The experimental evaluation revealed consistently superior recall performance across all model configurations with sustained values exceeding 90% classification accuracy for positive instances. In light of these findings, hyperparameter optimization was conducted through exhaustive GridSearchCV methodology with precision explicitly designated as the principal optimization metric. This strategic selection criterion serves dual purposes: (i) maintaining the models demonstrated proficiency in positive class identification while (ii) systematically reducing Type I errors through precision maximization, thereby achieving an optimal operational equilibrium in the precision–recall trade-off space.

3.3.2. Approach 2: Descriptive Statistics of zh, zdr, kdp, and rhohv Data by Height

Description: The zh, zdr, kdp, and rhohv data at altitudes of 3 km, 6 km, and 9 km were used. These heights allow polarimetric variables to capture key processes in lightning formation, making them fundamental for lightning discharge prediction. At 3 km, which is below the melting level (approximately 4.5 km [9]), it is possible to identify rainfall intensity. At 6 km, ice particle crystallization occurs, which is a crucial process for electric charge transfer. At 9 km, there is an intensification of cloud electrification in the upper layers with the accumulation and separation of ice crystals, leading to the polarization of electrical charges, which is an essential factor for lightning formation. Results presented by Hayashi et al. [7] highlighted the importance of analyzing reflectivity and ice-phase hydrometeors in different cloud layers, reinforcing the approach of stratifying radar data by height as in this approach. For analysis purposes, only valid observed values were considered, meaning that data were included only when all variables were successfully captured by the radar.

Pre-processing: Each row represented the data from an .nc file, and the columns contained the minimum, mean, maximum, and standard deviation values of the variables zh, zdr, kdp, and rhohv at altitudes of 3 km, 6 km, and 9 km. Additional variables were created to assist the algorithms, with One-Hot Encoding [28] applied to categorical variables, including the month, day, week, hour, quarter, and period of the day. A total of 4627 samples were collected with 2896 from class 0 and 1731 from class 1. With this, random (70% for training and 30% for testing) or temporal data splitting (2021 for training and 2022 for testing) were evaluated, with data imputation with SimpleImputer applying the median, SMOTEENN (SMOTE + Edited Nearest Neighbors) for class balancing, and GridSearchCV with cv = 10 folds for hyperparameter tuning. Additionally, Boruta [29] was used for feature selection for the model.

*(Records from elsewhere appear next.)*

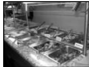
Buffet do almoço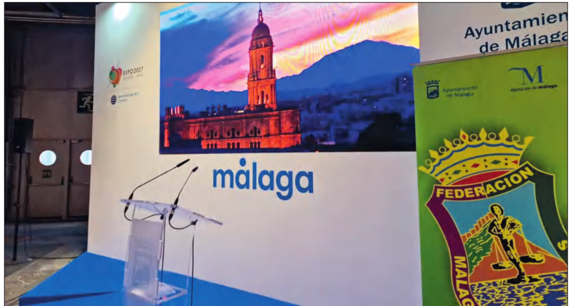
La Federación Malagueña de Peñas ha estado representada en el Stand de Málaga en FITUR 2023.

Agradecemos la confianza del Ayuntamiento de Málaga en este proyecto en el que seguimos trabajando; así como la disposición del Alcalde por recibirnos en este inicio de año para escuchar nuestras preocupaciones e inquietudes, que siempre son por hacer un colectivo peñista y una Málaga en general mucho mejores.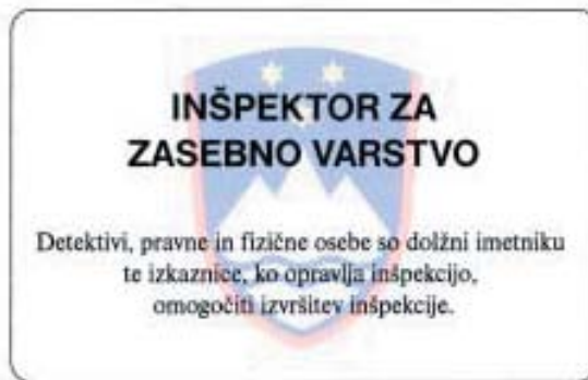
(sprednja stran plastificiranega kartončka)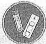
ชุดตรวจ Antigen Test Kit

Methods: The methods used in this approach were RF, XGBoost, Decision Tree (DT), LDA, KNN, and Naive Bayes (NB). In this approach, GridSearchCV was also used for hyperparameter optimization with the values described in Table 4.

3.3.3. Approach 3: zh Data at 18 Height Levels

Description: In this approach, data from the entire volume (for all 18 levels) were obtained within a 20 km radius around the target. The reflectivity data are organized in a three-dimensional structure with dimensions 18 × 300 × 300, representing 18 levels, where each level is a 300 × 300 matrix of positions. For each level, 1264 reflectivity values were extracted, ranging approximately from −5 to 70. With 18 levels, the total number of reflectivity values per radar file was 22,752. The results reported in [12] highlighted the advantages of multi-feature approaches for lightning prediction, which aligns with this approach, where reflectivity values from 18 height levels are used as model inputs. Also, as in [13], this approach uses high-dimensional reflectivity data as ML model inputs for lightning forecasting.

Pre-Processing: Since negative reflectivity values are considered too low, they were conventionally replaced with zero for analysis purposes. The next step involved labeling each radar file based on the 22,752 reflectivity values. The temporal split of data resulted in 77,692 samples for the training set (2021) with 75,544 samples for class 0 and 2148 for class 1 and 75,406 samples for test set (2022) with 73,649 for class 0 and 1757 for class 1. Class balancing was performed by randomly removing samples from the majority class in the training data. To reduce the number of variables in the problem, the Boruta, Isomap, KPCA, SelectKBest, SVD, and PCA approaches were evaluated with PCA yielding the best results.

PCA was applied to the training data to transform the dataset and reduce its dimensionality to 300 features. There were two key steps: (1) Eigenvalue decomposition and a scree plot computed eigenvalues to assess the variance explained. We retained components covering ≥90% cumulative variance. (2) Component loadings extracted loading vectors to determine which radar levels and variables contributed the most to each PC. The physical interpretation is that PC1 was dominated by high loadings on z at mid-levels (2–5 km) and elevated kdp in upper elevations, suggesting sensitivity to convective cores rich in ice-phase hydrometeors responsible for charge separation, and PC2 with high weights on zdr near the melting layer (~3 km), indicating liquid–solid transition regions.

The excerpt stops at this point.